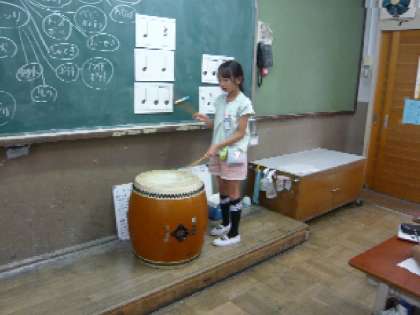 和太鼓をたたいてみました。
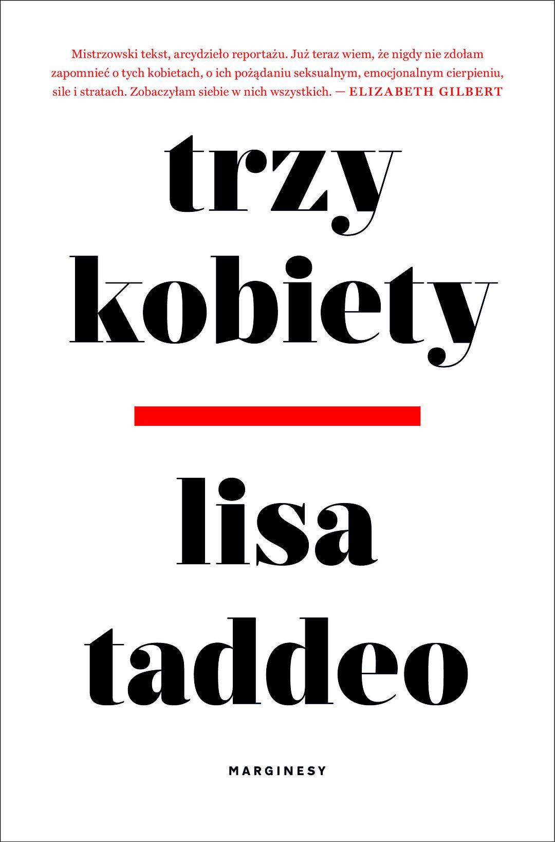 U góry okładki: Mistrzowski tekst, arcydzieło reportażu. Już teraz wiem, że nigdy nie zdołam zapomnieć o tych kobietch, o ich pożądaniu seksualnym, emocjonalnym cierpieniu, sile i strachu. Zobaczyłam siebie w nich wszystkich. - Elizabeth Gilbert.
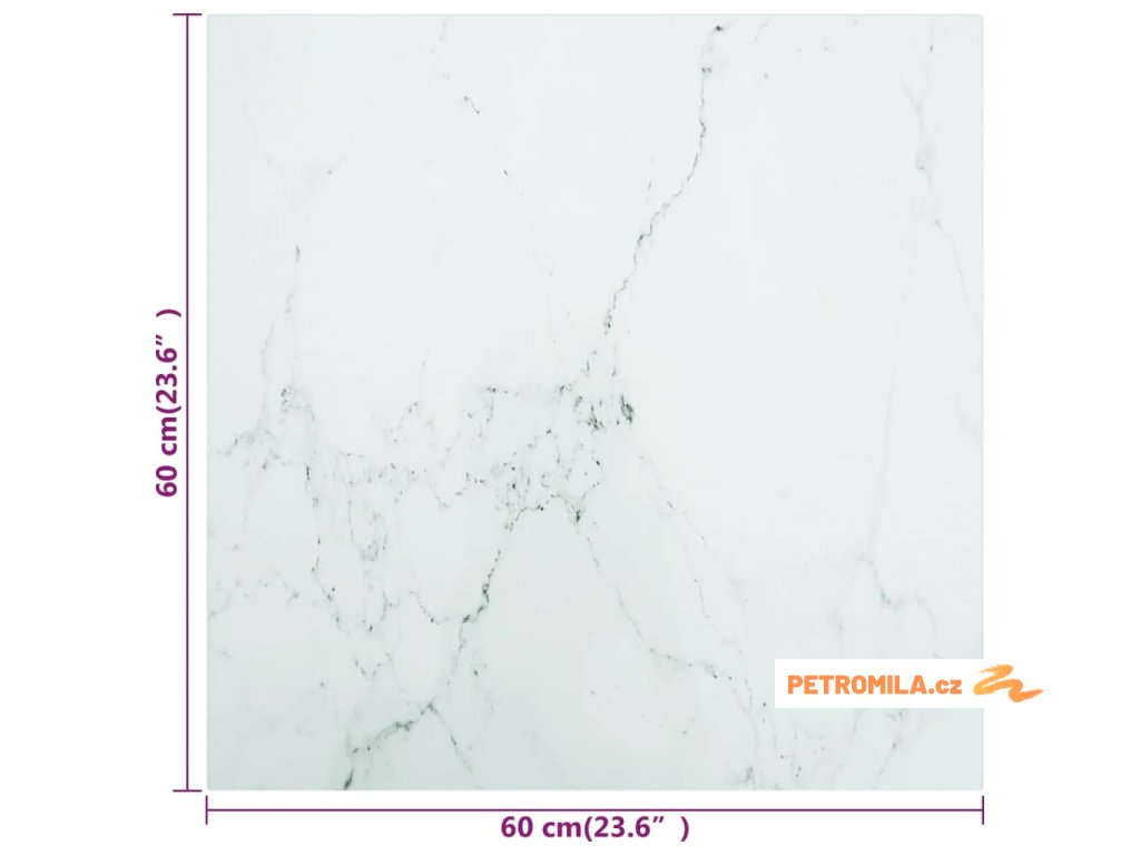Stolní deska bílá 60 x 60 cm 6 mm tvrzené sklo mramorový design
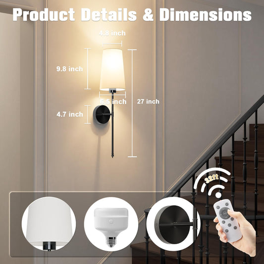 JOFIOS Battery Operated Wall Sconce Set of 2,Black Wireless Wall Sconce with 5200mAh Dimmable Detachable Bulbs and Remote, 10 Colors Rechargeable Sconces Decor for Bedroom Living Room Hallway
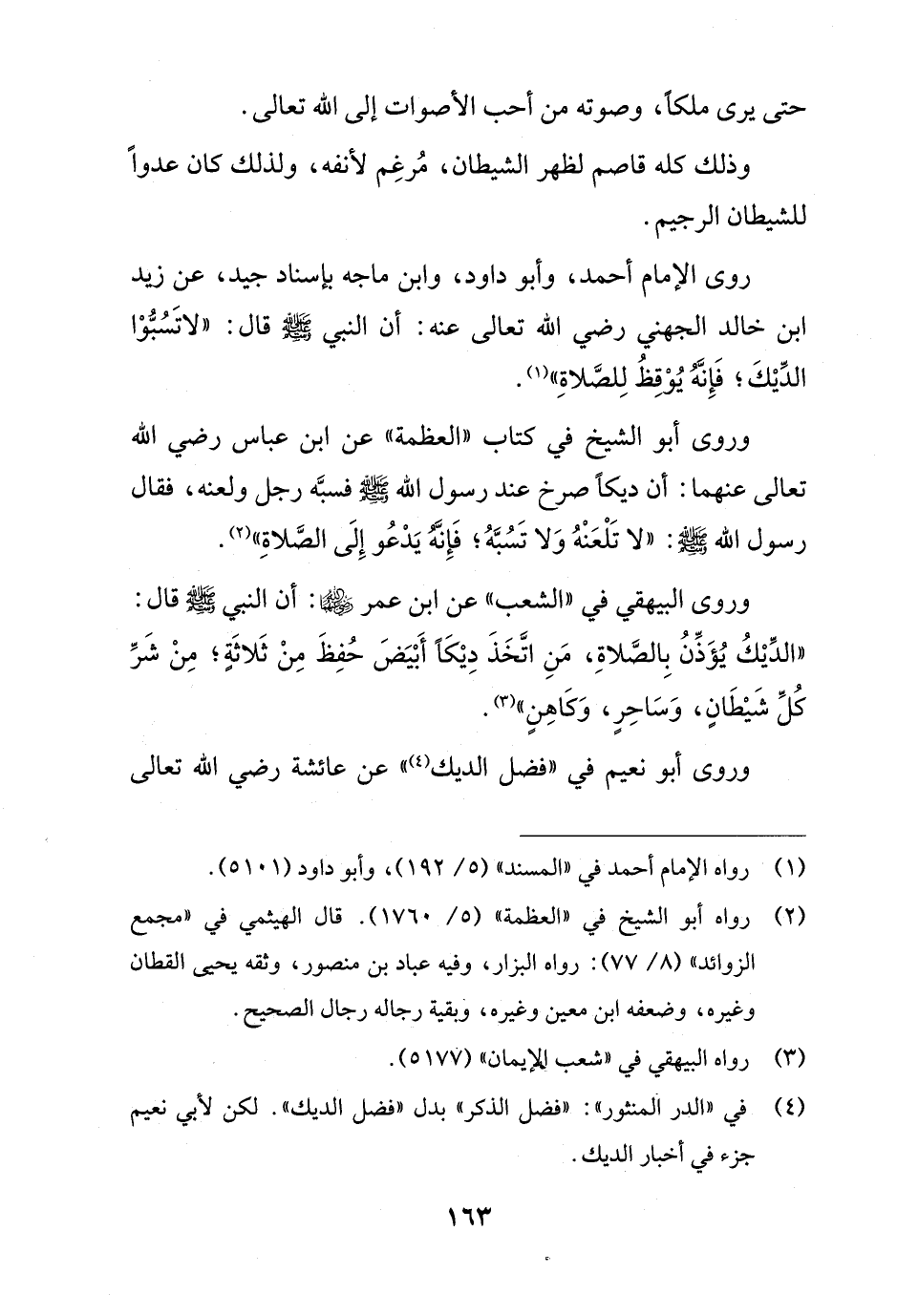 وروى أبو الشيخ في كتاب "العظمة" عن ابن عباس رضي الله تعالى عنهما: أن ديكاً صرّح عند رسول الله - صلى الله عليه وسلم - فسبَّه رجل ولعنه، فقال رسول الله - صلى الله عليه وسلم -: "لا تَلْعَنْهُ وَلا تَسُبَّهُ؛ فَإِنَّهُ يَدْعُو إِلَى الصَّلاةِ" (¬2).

┄┄┄┄┄┄

» **Your goal**
Restate the data above exactly, stripping out each image.

» **Exercise solution**
 和太鼓をたたいてみました。
 U góry okładki: Mistrzowski tekst, arcydzieło reportażu. Już teraz wiem, że nigdy nie zdołam zapomnieć o tych kobietch, o ich pożądaniu seksualnym, emocjonalnym cierpieniu, sile i strachu. Zobaczyłam siebie w nich wszystkich. - Elizabeth Gilbert.
Stolní deska bílá 60 x 60 cm 6 mm tvrzené sklo mramorový design
 JOFIOS Battery Operated Wall Sconce Set of 2,Black Wireless Wall Sconce with 5200mAh Dimmable Detachable Bulbs and Remote, 10 Colors Rechargeable Sconces Decor for Bedroom Living Room Hallway
 وروى أبو الشيخ في كتاب "العظمة" عن ابن عباس رضي الله تعالى عنهما: أن ديكاً صرّح عند رسول الله - صلى الله عليه وسلم - فسبَّه رجل ولعنه، فقال رسول الله - صلى الله عليه وسلم -: "لا تَلْعَنْهُ وَلا تَسُبَّهُ؛ فَإِنَّهُ يَدْعُو إِلَى الصَّلاةِ" (¬2).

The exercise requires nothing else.